Usually mesodermal in origin; peripheral nerves derive from neuroectoderm

 

Soft tissue tumors - approach to diagnosis

top

Modified from Sternberg

1) Is lesion reactive or neoplastic?

2) Is lesion malignant? (necrosis favors malignancy)

3) Is malignant lesion a sarcoma? (may be melanoma, carcinoma, lymphoma)

4) What type of differentiation is present? - assign to phenotypic category or classify as round cell, spindle cell, epithelioid, other

 

Sarcomas - general

top

7,000/year in US

Classified based on type of cellular differentiation, although most arise not from differentiated cells, but from multipotent mesenchymal cells that then differentiate along various cell lines

Diagnostic errors are often due to lack of familiarity with rare lesions, not failure to perform immunostains (AJCP 2001;116:473)

WHO classification: last revised in 2002 - Histopathology 2006;48:3, classification

Recommended to diagnose with FNA or incisional biopsy so appropriate treatment can be determined in advance

Congenital soft tissue tumors, even with high grade features, rarely have malignant behavior

Nodal involvement uncommon

Local recurrences show increased number of genetic changes, including loss at 9p, gains at 5p and 20q (Mod Path 2001;14:978)

Usually arise de novo, not from benign tumors (MPNST may be an exception); do not appear to arise from trauma

May be caused by radiation therapy (MFH, extraskeletal osteosarcoma) or foreign bodies (MFH, angiosarcoma)

Poor prognostic factors: large size, deep seated versus superficial, retroperitoneum versus extremities, high grade, high stage, positive margins (associated with local recurrence)

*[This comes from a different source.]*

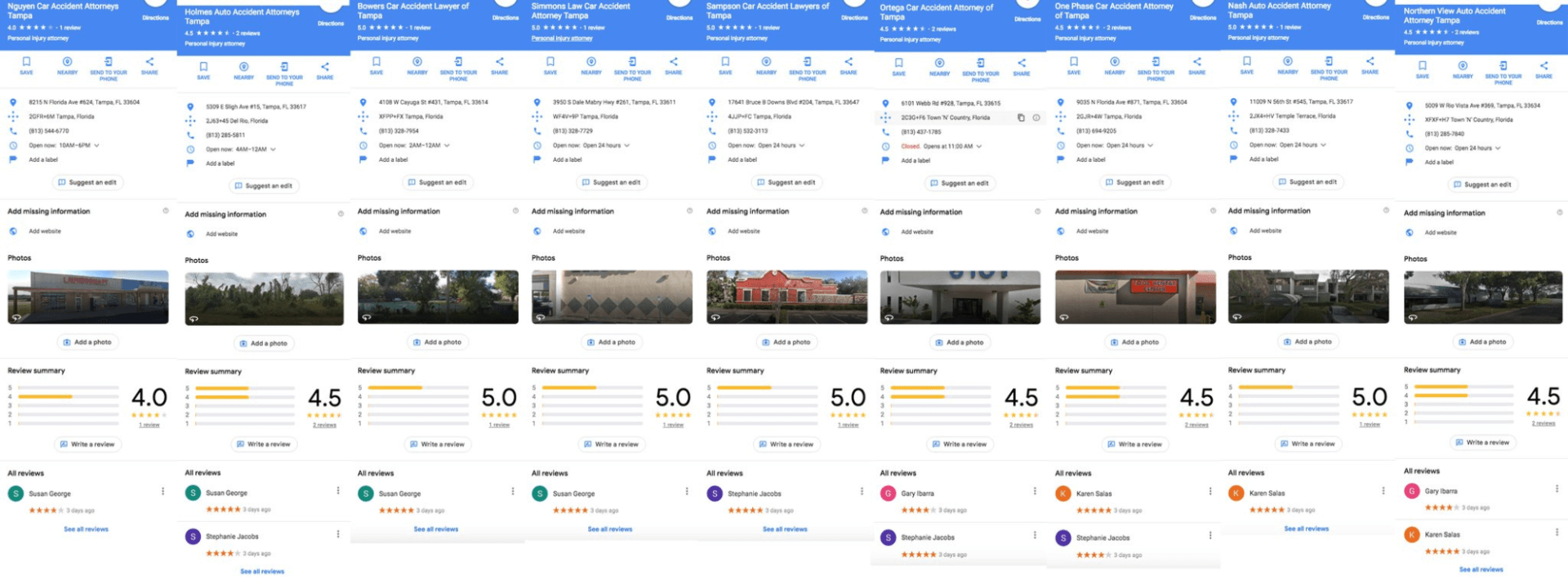 When you call the phone numbers on the listings, they take you to lead generating companies that ask if you need a personal injury lawyer. If asked, they will not identify what company they work for. Several attorneys I work with have told me they are being inundated with requests from lead providers who are selling these leads for hundreds of dollars each.
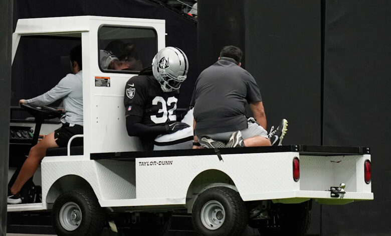 Bezpečnost Raiders v Las Vegas Lonnie Johnson Jr. utrpěla během tréninku v sobotu po srážce s obranným koncem Maxx Crosby zlomenou nohu .

Treatment: enucleation acceptable only for schwannomas; for other small tumors, must excise with 1-2 cm rim of normal tissue; surgery should also remove site of prior FNA or incision

Wide local excision for infiltrative lesions (fibromatosis, DFSP); amputation is less commonly performed now than in the past

Radiation and chemotherapy may also be used

Surgical resection of pulmonary metastases often has value

Fine needle aspiration: most specimens are recognized as sarcoma, and subtyping is most accurate in bone sarcomas and pediatric sarcomas; subtyping is often not possible in adult specimens, but this usually does not affect initial therapy (AJCP 2001;115:59)

Staging is discussed in Soft Tissue Tumors - Part 2 (click here)

 

Syndromes (molecular / genetic) associated with soft tissue tumors

top

 

Bannayan Zonana syndrome: OMIM #153480, multiple lipomas and hemangiomas

Beckwith-Wiedemann syndrome: OMIM #130650, congenital overgrowth syndrome associated with alveolar rhabdomyosarcoma (Pediatr Dev Pathol 2001;4:550)

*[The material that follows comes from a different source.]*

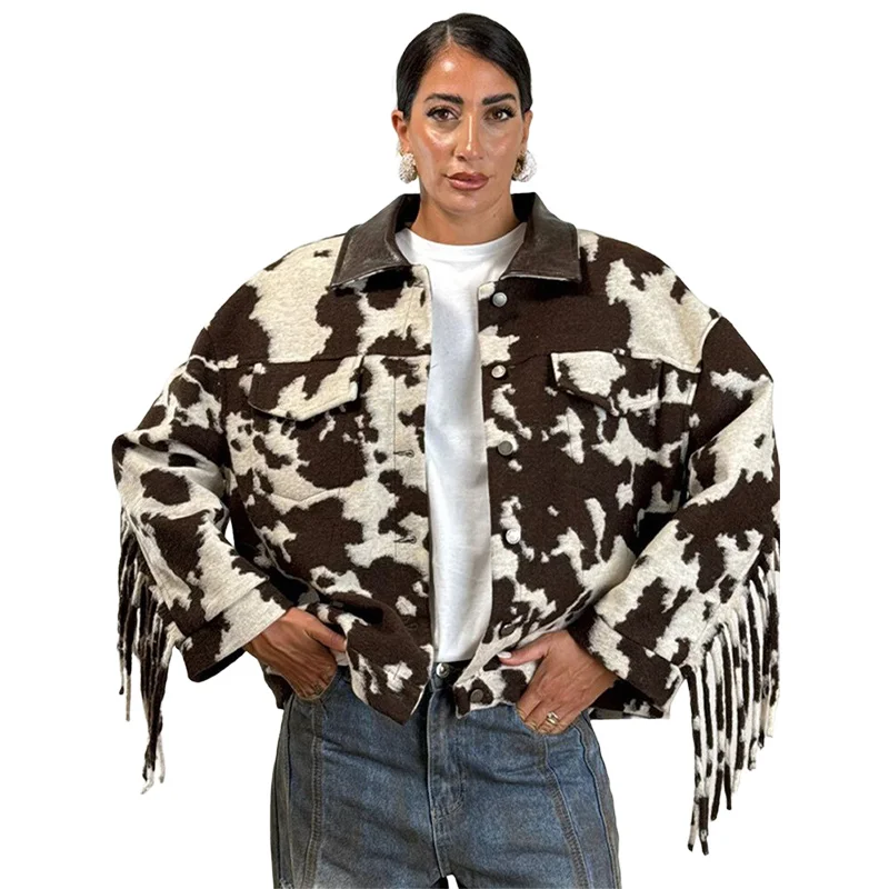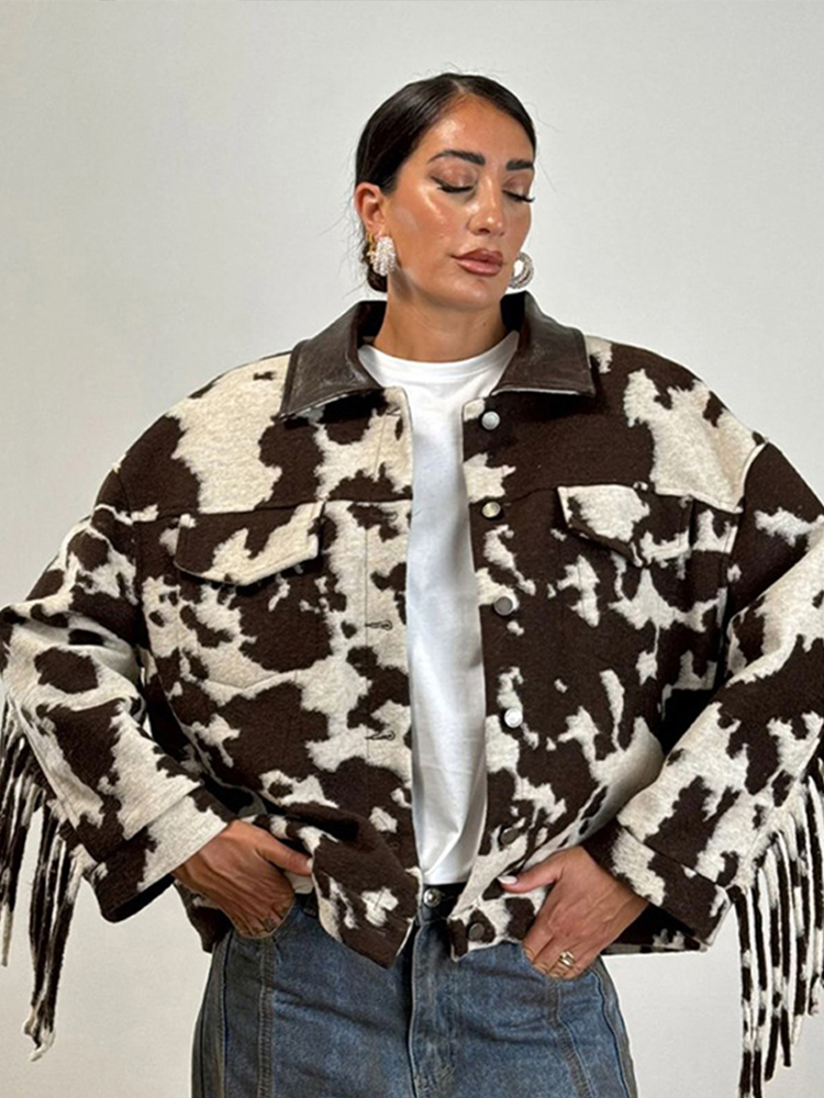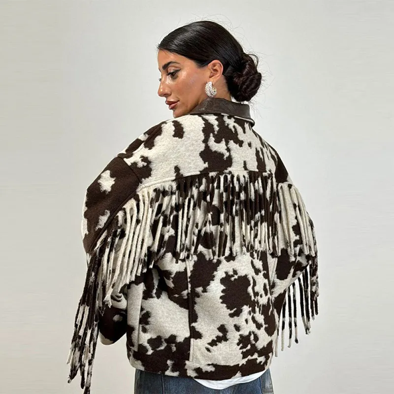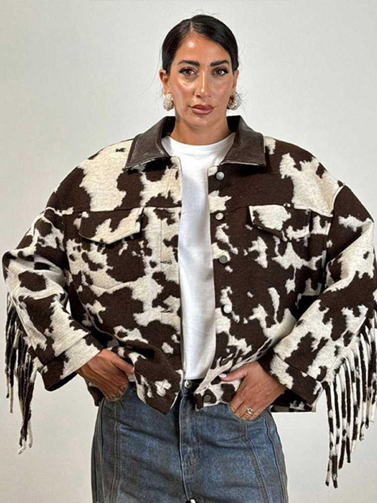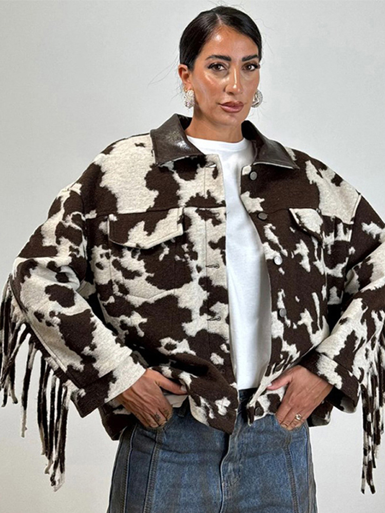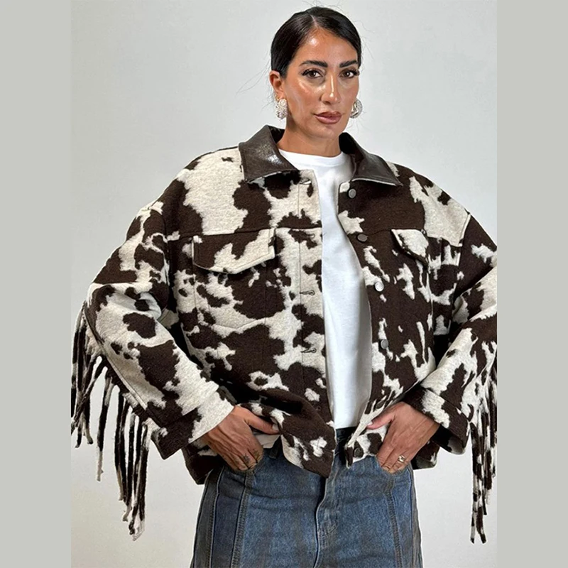 Chic Tassel Print Jackets Women Loose Contrast Lapel Zipper Full Sleeves Coats Female 2025 Autumn Winter Fashion Lady Outwears

Carney syndrome / complex: autosomal dominant multiple neoplasia syndrome with myxomas and pigmented lesions of skin and mucosa, due to mutation in PRKAR1A gene (OMIM #160980) or 2p16 abnormalities (OMIM #605244)

Carney triad: OMIM # 604287, gastric leiomyosarcoma, pulmonary chondroma and extra-adrenal paraganglioma

Gardner syndrome: OMIM #175100, fibromatosis and familial adenomatous polyposis

Kasabach-Merritt syndrome: OMIM #141000, microangiopathic hemolytic anemia associated with childhood hemangioma

Klippel-Trenaunay-Weber syndrome: OMIM #149000, hemangiomas with hypertrophy of associated bone and soft tissue

Li Fraumeni syndrome: OMIM #151623, various soft tissue sarcomas, osteosarcoma, breast cancer, brain tumors, leukemia and adrenocortical carcinoma

Lipomatosis, multiple syndrome: OMIM #151800

Maffucci syndrome: OMIM #166000, hemangiomas, enchondroma, chondrosarcoma

Mazabraud's syndrome: fibrous dysplasia and intramuscular myxoma (eMedicine)

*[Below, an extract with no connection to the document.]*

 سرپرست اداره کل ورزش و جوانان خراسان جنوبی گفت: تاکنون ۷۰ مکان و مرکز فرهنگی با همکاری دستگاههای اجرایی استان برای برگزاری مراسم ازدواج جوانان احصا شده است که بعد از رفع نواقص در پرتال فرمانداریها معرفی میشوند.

McCune-Albright syndrome: OMIM #174800, myxomas are minor feature (see Mazabraud’s syndrome), major features are polyostotic fibrous dysplasia cafe-au-lait skin pigmentation and precocious puberty

Multiple endocrine neoplasia 1: OMIM #131100, multiple lipomas may be a minor feature

Neurofibromatosis type 1: OMIM #162200, neurofibroma, MPNST

Neurofibromatosis type 2: OMIM #101000, schwannoma, neurofibroma, meningioma, astrocytoma, rarely perineurioma (AJSP 2006;30:1624)

Osler-Weber-Rendu syndrome: OMIM #187300, telangiectasias

Sturge-Weber syndrome: OMIM #185300, port-wine spot of face

Turner syndrome: cystic hygroma (eMedicine)

 

Grading of sarcomas of soft tissue

top

Indicate in pathology report which grading system is used

Grade is most important prognostic factor and indicator of metastatic risk in adults (Archives 2006;130:1448)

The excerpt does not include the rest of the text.